1. Refreshable Clone PDB environment

Refresh Scheduled nightly (4AM)

I am not going to describe the full configuration, since I already wrote about it in detail in my other blog post but will at least share the job defined to perform the daily refresh using dbms scheduler.

1- The refresh procedure

CREATE OR REPLACE PROCEDURE sys.psprod_refresh AS BEGIN EXECUTE IMMEDIATE 'ALTER PLUGGABLE DATABASE PSPDB_RO CLOSE IMMEDIATE'; EXECUTE IMMEDIATE 'ALTER PLUGGABLE DATABASE PSPDB_RO REFRESH'; EXECUTE IMMEDIATE 'ALTER PLUGGABLE DATABASE PSPDB_RO OPEN READ ONLY'; END;/

2- The refresh JOB

BEGIN
DBMS_SCHEDULER.CREATE_JOB (
job_name => 'PSPROD_REFRESH_JOB',
job_type => 'STORED_PROCEDURE',
job_action => 'sys.psprod_refresh',
repeat_interval => 'freq=daily;byday=mon,tue,wed,thu,fri;BYHOUR=4; BYMINUTE=1',
auto_drop => FALSE,
enabled => TRUE,
comments => 'Automatic refresh of the prod PDB clone');
END;
/

SQL>@check_job PSPROD_REFRESH_JOB
JOB_NAME     REPEAT_INTERVAL     
------------------ --------------------------------------------------------
PSPROD_REFRESH_JOB
freq=daily;byday=mon,tue,wed,thu,fri;BYHOUR=4; BYMINUTE


Ghost archives in the source CDB

It took me few weeks before I realized that the archive log disk started to fill up a bit, even if the archive logs were cleaned up after each backup due to a defined retention (7 days) in RMAN.

What did I notice ?

I found archive logs that have different naming convention than the default one for the source CDB. It was not even listed by RMAN during a crosscheck.

  • Normal archive naming

ARC0000001891_1075820594.0001

  • Unusual archive logs

PARLOG_1_739_6B244BFA_1075820594.ARC

These new PARLOG% archive logs were just piling up, since the refreshes started. Although it’s a Windows environment, it doesn’t change the nature of the issue. 
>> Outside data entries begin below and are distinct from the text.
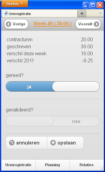 Week detailschermIn het week detailscherm wordt een overzicht van de contracturen en geschreven uren gegeven. In dit scherm kan ook de status van de week op “gereed” gezet worden ten teken dat deze klaar is om gevalideerd te worden. Onder de “gereed” knop wordt de validatiestatus van de week in kwestie getoond.
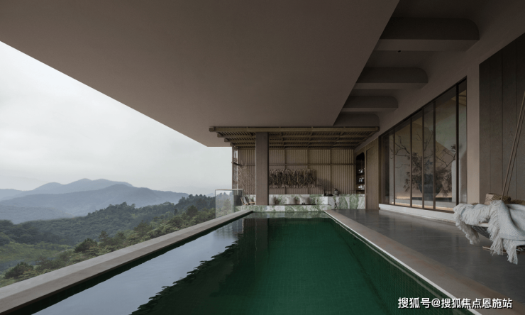 流金VILLA以 金色窗框+高窗墙比为特色,流云VILLA则是悬浮在整个项目 最高的地势上,被称为“云梢上的月光宝盒”。建筑层层叠落,与青山厚韵交相辉映,抒写着崭新的东方人居语境。
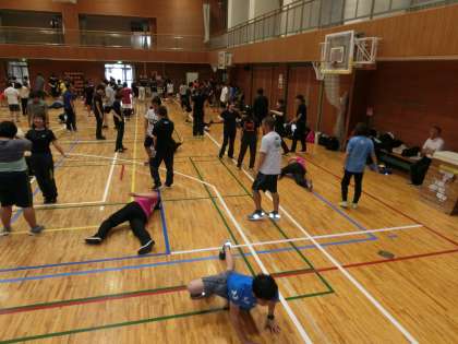昨日のの午後は、6ブロックの体育実技研修会がありました。6ブロック8校の先生方が全員集まり研修を行いました。日本コオーディネーショントレーニング協会理事の菅野 映先生を講師としてお迎えして、「コオーディベーショントレーニング」をテーマに、現代の子どもたちの特性について理解し、誰でも行える体幹の鍛え方を教えていただきました。今後の体育の授業で取り入れていきたいと思います。
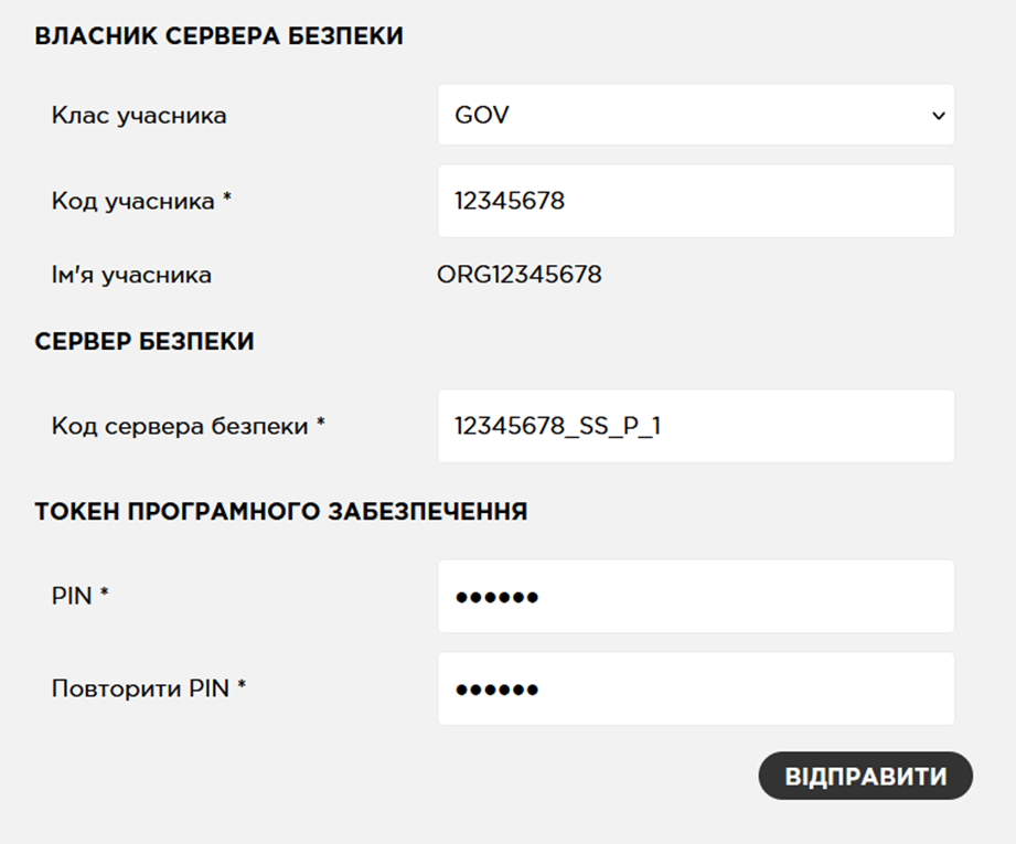 Необхідно придумати PIN-код, який буде використаний для захисту ключів автентифікації, що зберігаються у програмному сховищі (файловій системі ОС). Важливо! Адміністратор вебсервісів має зберігати PIN-код у безпечному місці, оскільки після втрати PIN-коду необхідно відновлювати токен, повторно видавати та реєструвати новий сертифікат автентифікації. |
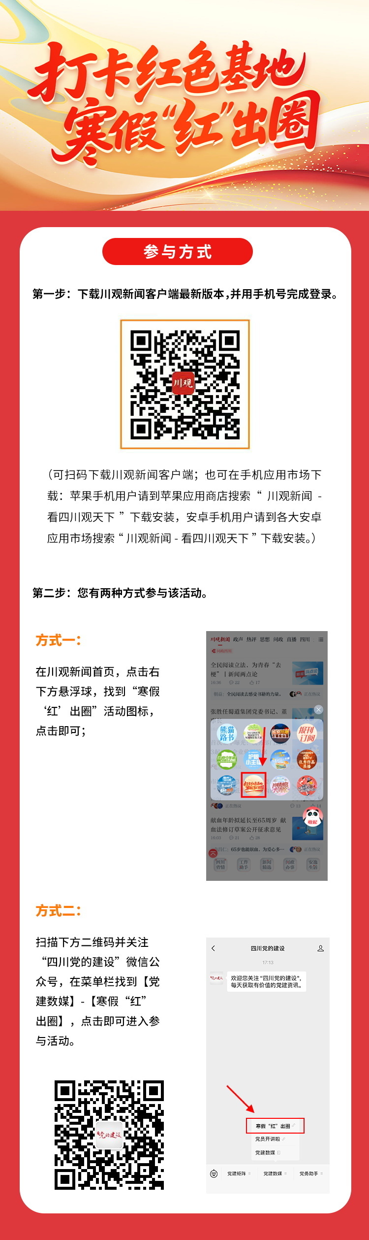 自“打卡红色基地,寒假‘红’出圈”活动启动以来,我们收获了如潮的热情!十余天时间里,全省各地中小学生在巴蜀大地上绘出了一道道亮丽的“红色风景线”。
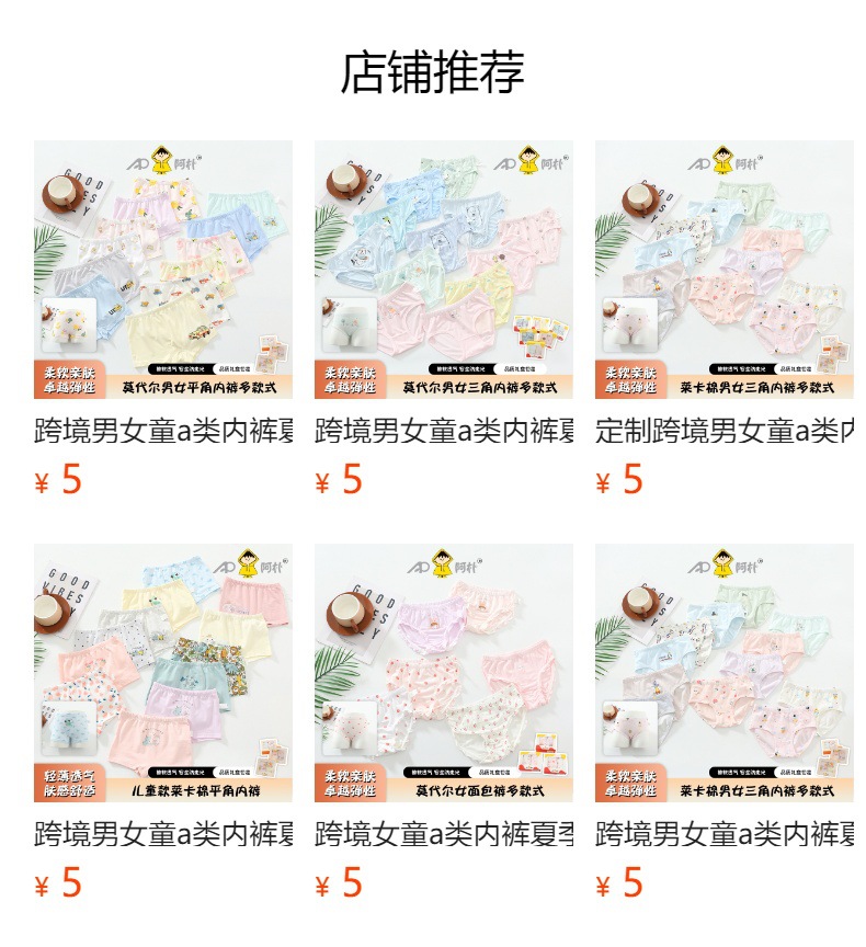 소년과 소녀를위한 국경 간 카테고리 A 속옷 여름 통기성 라이크라 코튼 복서 팬티 아기 3D 중대형 어린이 반바지 도매스토어 가기
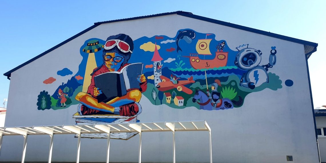 ‘Naš zajednički rad, mural pod nazivom ‘U svijetu mašte’ prikazuje dječaka uronjenog u svijet knjiga, priča tj. u svijet mašte. Dječak s pilotskim naočalama na glavi sjedi na hrpi knjiga dok jednu drži u rukama i čita. Oko njega širi se njegov svijet mašte koji je izašao iz svih tih pročitanih knjiga. U tom svijetu nalaze se detektivke, leteći tanjuri, dvorci, vitezovi, gusari, roboti itd. Poruka murala je da knjige, priče i čitanje obogaćuju naše živote i čine ih zanimljivijima te se nadamo da će i naš mural potaknuti djecu da više čitaju. Ujedno se zahvaljujemo i udruzi Mamuze te ravnatelju i djelatnicima Osnovne škole ‘Braća Radić’ koji su omogućili nastanak ovog murala – poručili su umjetnici Boris Bare i Zvonimir Haramija Hans.
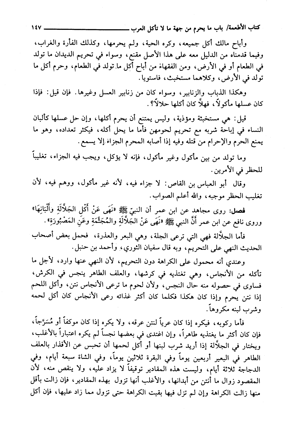 فَأَمَّا الجلالة فهي التي ترعى الحلة، وَهِيَ الْبَعْرُ وَالْعَذِرَةُ، فَحَمَلَ بَعْضُ أَصْحَابِ الْحَدِيثِ النَّهْيَ عَلَى التَّحْرِيمِ، وَبِهِ قَالَ سُفْيَانُ الثَّوْرِيُّ، وَأَحْمَدُ بْنُ حَنْبَلٍ.
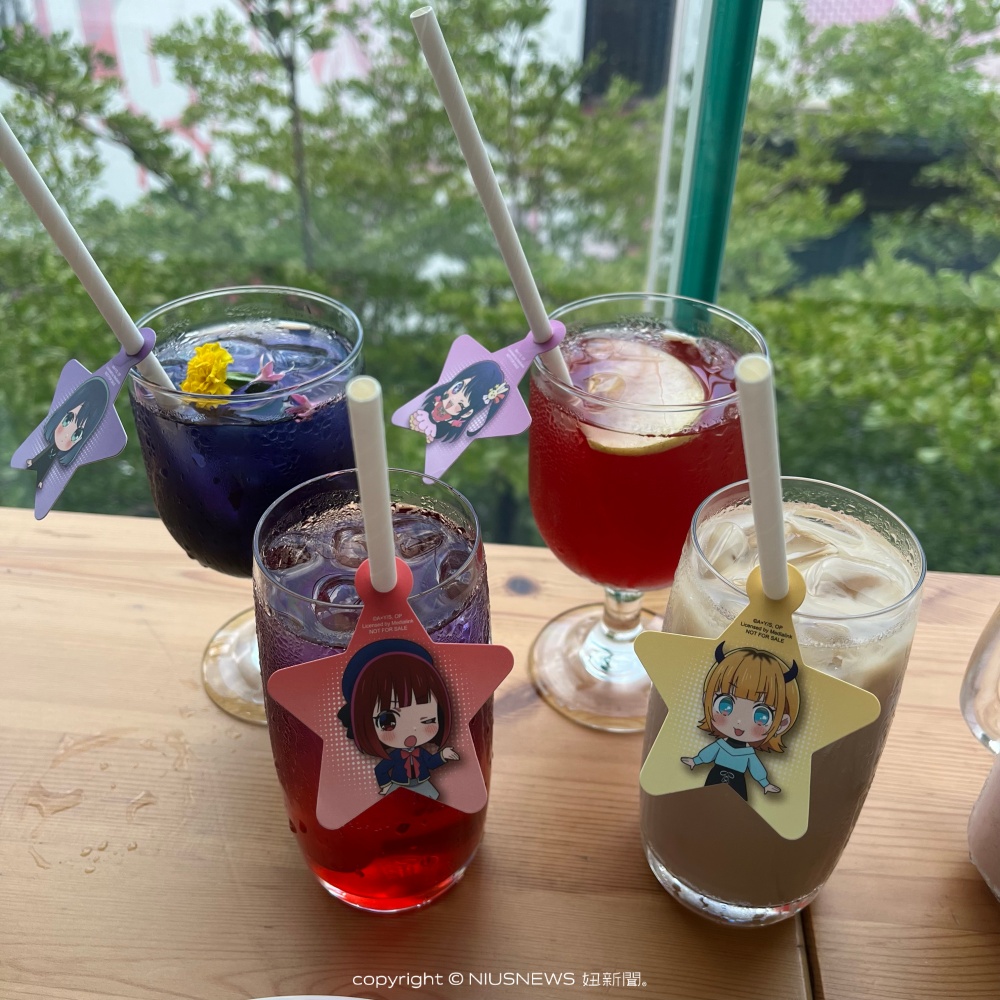 角色形象飲品的部分,不只推出「小愛的草莓葡萄柚水果茶」、「阿奎亞的藍柑橘可爾必思」、「露比的草莓優酪乳」、「MEMCHO的布丁拿鐵特調」、「佳奈的草莓蝶豆花氣泡飲」、「茜的藍莓蝶豆花氣泡飲」,還有粉絲們敲碗的三款「Q版印刷奶蓋紅茶」。凡消費任一飲品,就能獲得角色杯墊乙張(共7+2款隨機發送,恕不挑款),而台北西門店及台中一中店也將送出各一款的限定款杯墊!
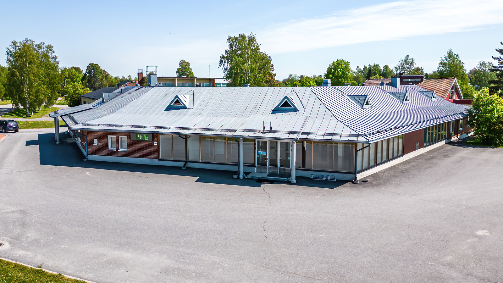 Huvudbyggnaden med tegelfasad har uppförts 1972 och har tillbyggts 1987. Byggnaden har en våningsyta om ca. 655 m2.
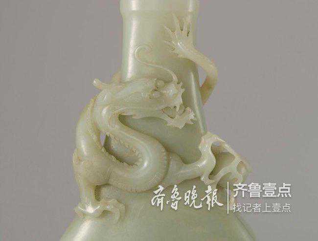 据烟台市博物馆工作人员介绍,创作这样大小的玉瓶是需要很大一块玉料的,当时玉匠深知此玉得之不易,所以特意在瓶颈上颇有寓意地琢饰出一幅骊龙护珠的生动造型。玉瓶被献于乾隆皇帝面前时,深受他的喜爱,所以题七绝诗一首,命宫廷玉工用楷书阴刻于瓶腹之上,诗曰:“捞取和阗盈尺姿,他山石错玉人为。一珠径寸骊龙护,守口如瓶意寓兹。”
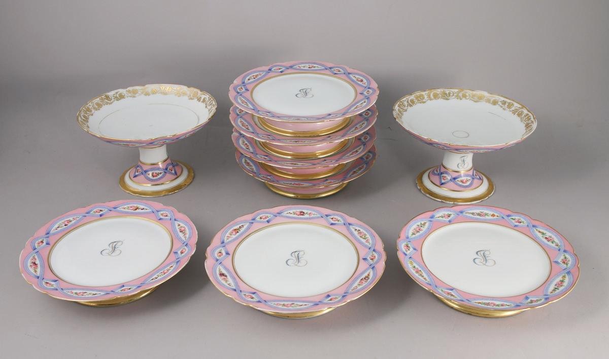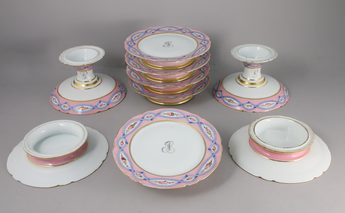 SERVICE À DESSERT, NEUF PIÈCES en porcelaine, décor de roses enrubannées de bleu sur fond rose sur le marlis et le pied agrémenté de filets et de rinceaux feuillagés or dans les plats. Chaque pièce monogrammée "LF". Il se compose de DEUX COUPES et de SEPT ASSIETTES MONTÉES.

This image has an empty alt attribute; its file name is image-15.png

  • Where do these PARLOG archives come from? Something I haven’t seen in the multitenant documentation so far.

Root cause

It’s clear now that my PDB refreshes are behind the creation of new archives in the source CDB that will never be acknowledged by source RMAN and never used for any restore (see refresh log below).

Completed: ALTER PLUGGABLE DATABASE PSPDB_RO CLOSE IMMEDIATE
ALTER PLUGGABLE DATABASE PSPDB_RO REFRESH
03/26/2022 T13:48:18.297038-04:00
Applying media recovery for pdb-4099 from SCN 17631305104 to SCN 17635452014
Remote log information: count-5
thr-1,seq-742,logfile-F:\ORACLE\ARCH\ARC0000000742_1075820594.0001,
los-17633377023,nxs-17634469434,maxblks-3719661 … thr-1,seq-743,logfile-F:\ORACLE\ARCH\PARLOG_1_743_6B244BFA_1075820594.ARC,<---
los-17634469434,nxs-18446744073709551615,maxblks-3427379

03/26/2022T13:52:25.929467-04:00
Completed: ALTER PLUGGABLE DATABASE PSPDB_RO REFRESH


How to delete these archive logs after the refresh?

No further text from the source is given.